Asian corporations, many of them widely diversified conglomerates dominated by politically-connected families, would exploit the situation to their advantage, Faber said.
"I think the families will keep the assets," he said.
Indonesia's bankruptcy code is considered the least advanced among Asian nations. Experts said only Hong Kong and Singapore had effective legislation, with Malaysia a distant third.
Thailand ranked last with Indonesia until it made a commitment to revise its old bankruptcy code, something that went some way to restoring foreign confidence.
Even if Indonesia followed Thailand's example, there were big hurdles to overcome, including an overworked and understaffed judiciary and the time required to win legislative approval and train judges, Lawson said.
Cultural resistance was another obstacle.

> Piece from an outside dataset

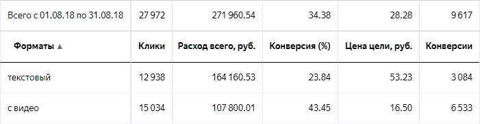 В этом примере цена конверсии для объявлений с видео — 16,5 руб. Если вас устраивает цена конверсии 50 руб., вы можете увеличить ставку для видео в 50 / 16,5 ≈ 3 раза, то есть на 200%.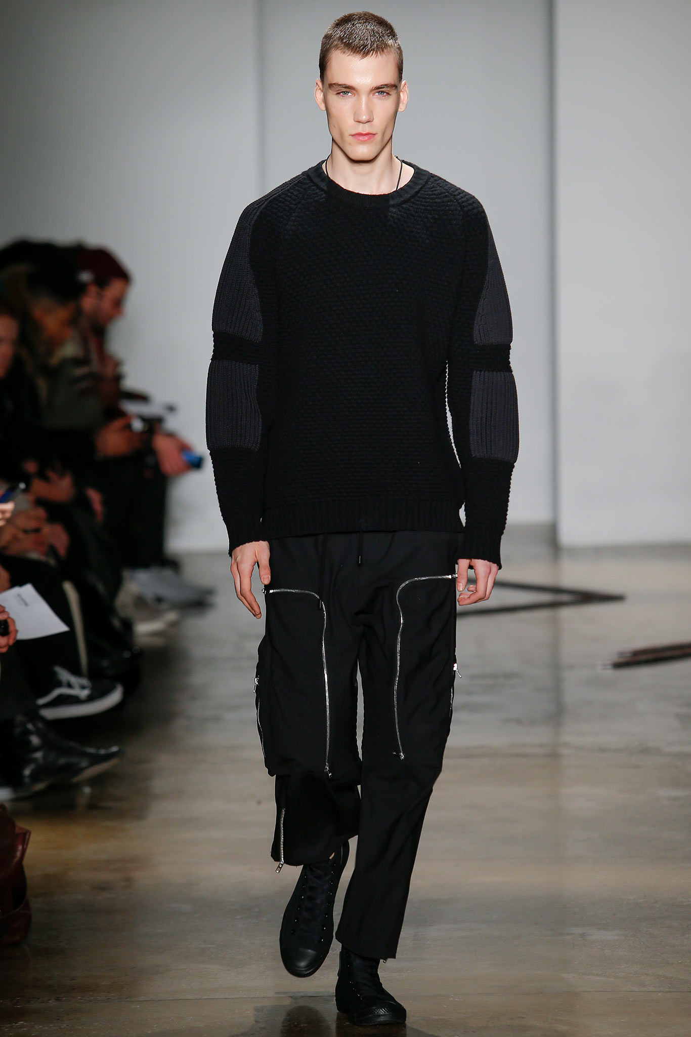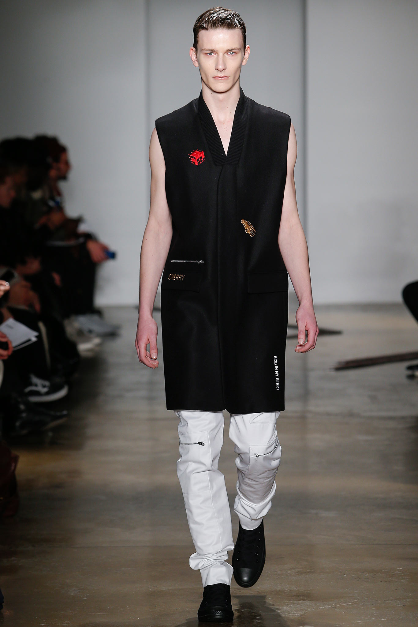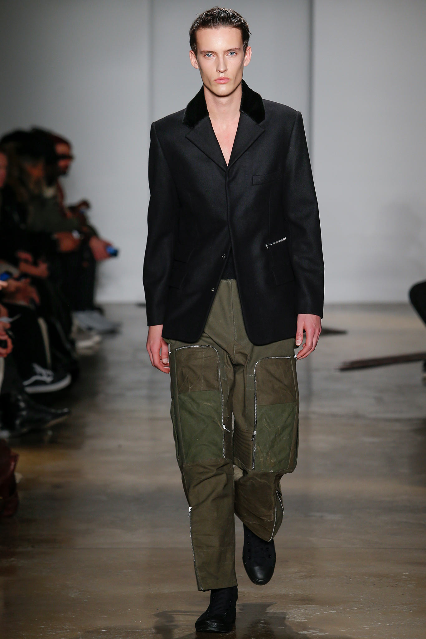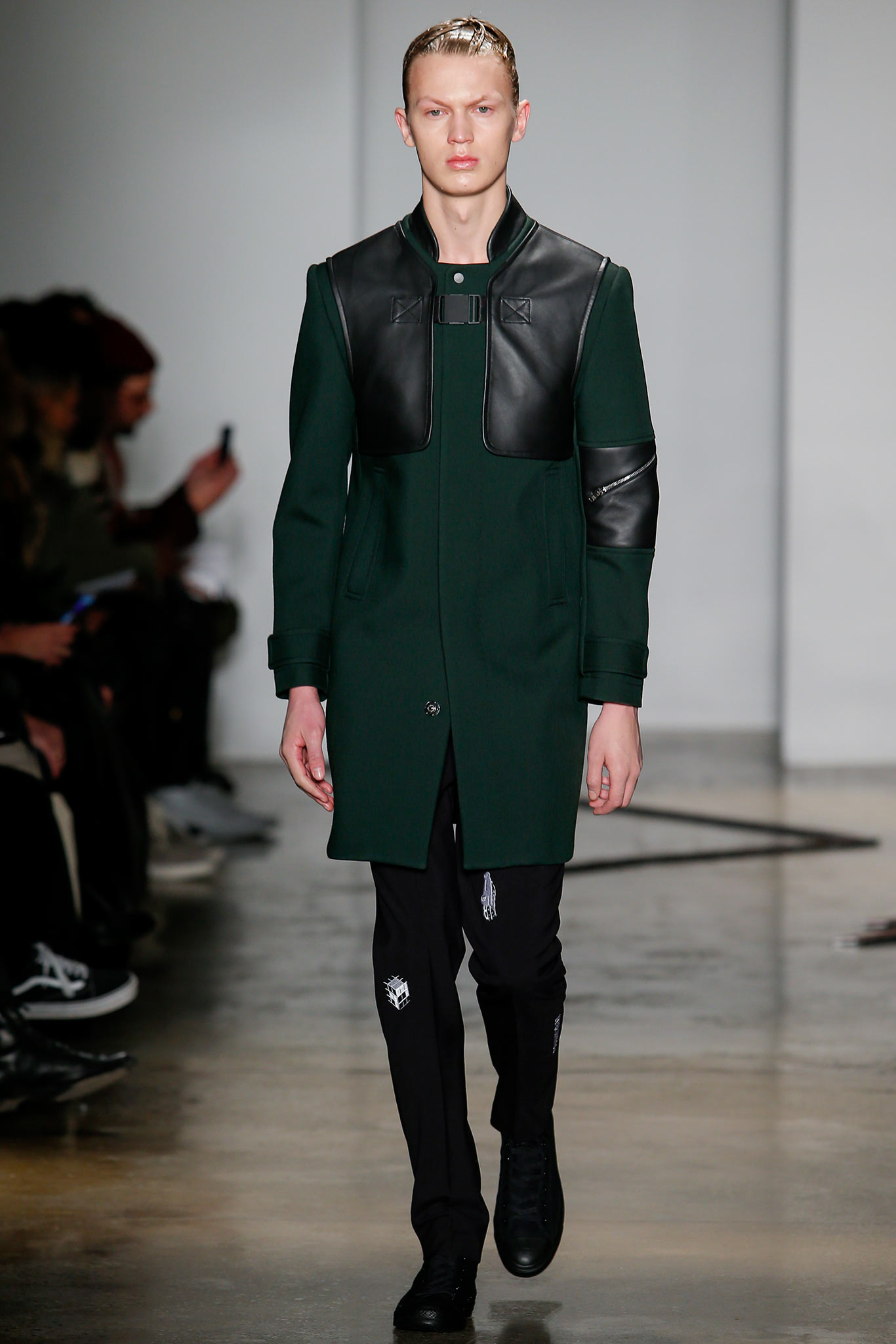 Sports flashes on contemporary tailoring techniques are proposed for Tim Coppens winter collection: color blocks, bags in contrast, coats with leather jackets and long inject dynamism into a collection full of formality.

After years of relying upon relationships to guide economic and lending decisions, some Asian nations were confronting the prospect of a law-based system for the first time.

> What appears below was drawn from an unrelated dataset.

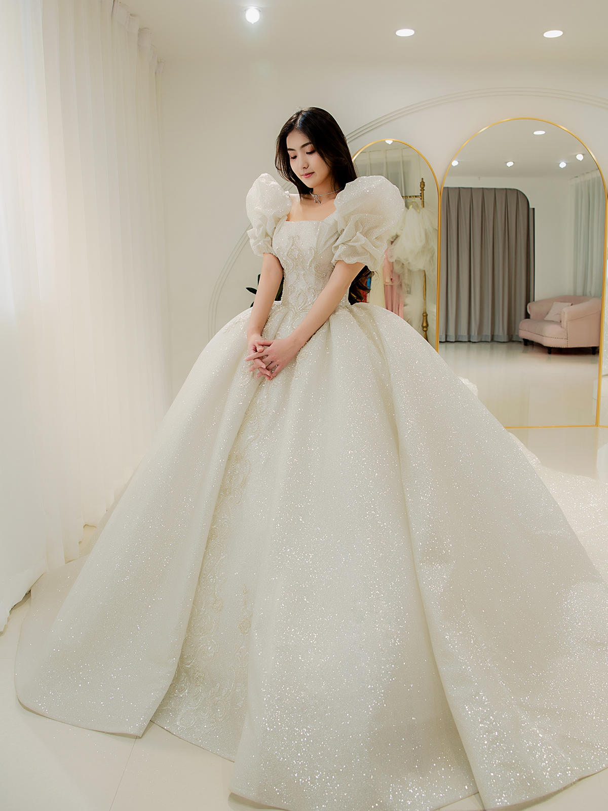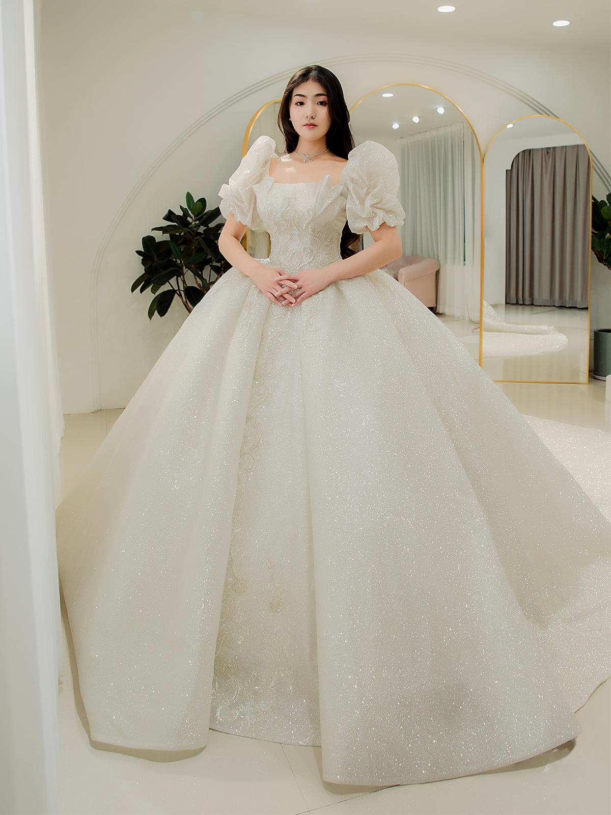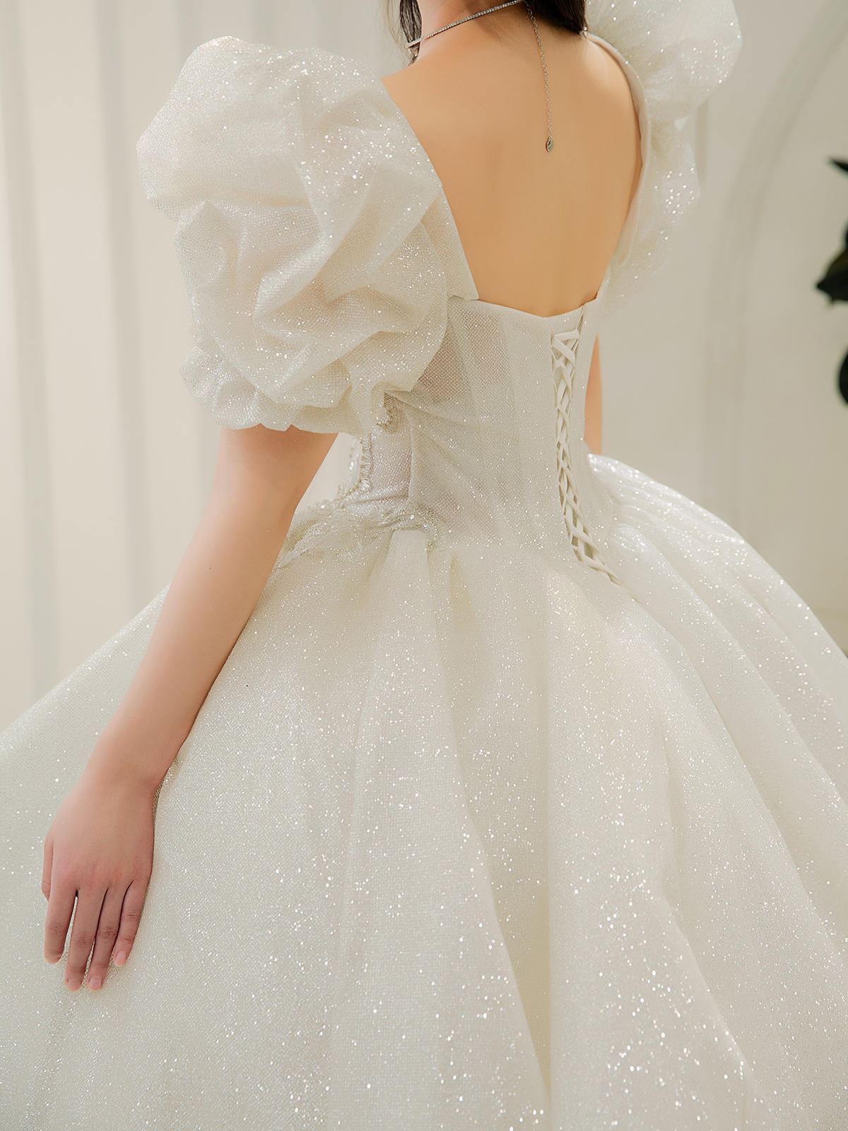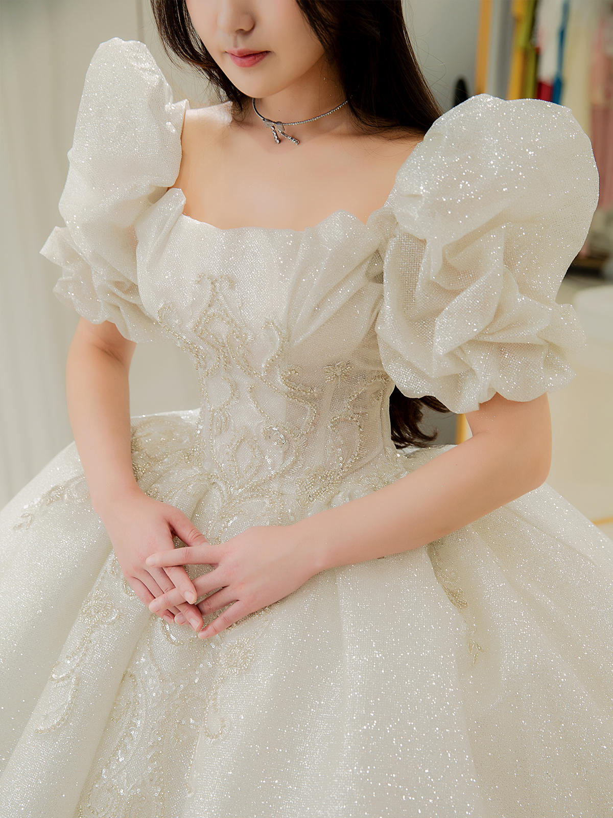 可爱泡泡袖婚纱主纱T-0052

"You may not need formal legal protection if you can rely on channels outside the legal system," Lawson said. "I don't really want to say this is part of corruption, but you don't even need to go that far to say it's an outdated model."
The Asian system was completely alien to the West, where lending decisions were based on credit analysis to establish a borrower's ability to meet obligations, said Dalhaise.

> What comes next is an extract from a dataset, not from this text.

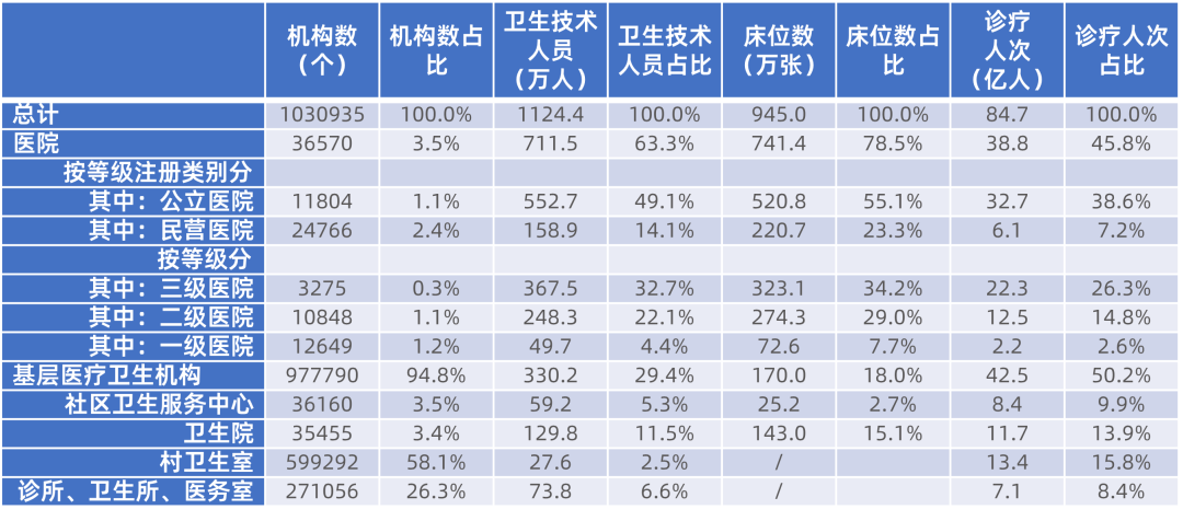 2021年我国诊疗服务概览:医疗机构数量共103.1万个,基层医疗卫生机构97.8万个,其中社区卫生服务中心3.6万个,卫生院3.5万个。

"Here you lend because you're told to lend, or he's a friend or because you believe his family's honest... or you believe he's going to give you something in return, or you're plainly cheating and lending someone else's money," he said.
The Asian system also depended heavily upon collateral, where borrowers forfeit assets in return for loans.
This was one of the overriding causes of structural fragility undermining Asia's banking system and threatening the broader economy as a whole, Roy Ramos, head of banking research at Goldman Sachs, said.
"I think it's fair to say that in most parts of Asia there is an undue reliance on collateral values, and not enough attention to cash flows," Ramos said this week in Hong Kong.
Although foreign bankers demanding their money back have won little sympathy in crisis-hit Asia, their decision to lend in Asia was not as stupid as it now seems, the analysts said.
"Many of these guys went in with their eyes wide open," said Dalhaise. "The problem was they relied too much on the bicycle theory -- that as long as you don't slow down too much the bicycle will keep on rolling."
The region's extraordinary growth rates lent confidence to borrowers ability to service debt -- until creeping problems torpedoed the entire region.
"And perhaps the foreigners were blinded by the fact they all thought that local banks and in many ways a number of local companies would never go bust because there was that implied protection by the authorities," he said.
Analysts said foreign bankers left holding a bag of bad Indonesian debt had just two options: rollovers or write-offs.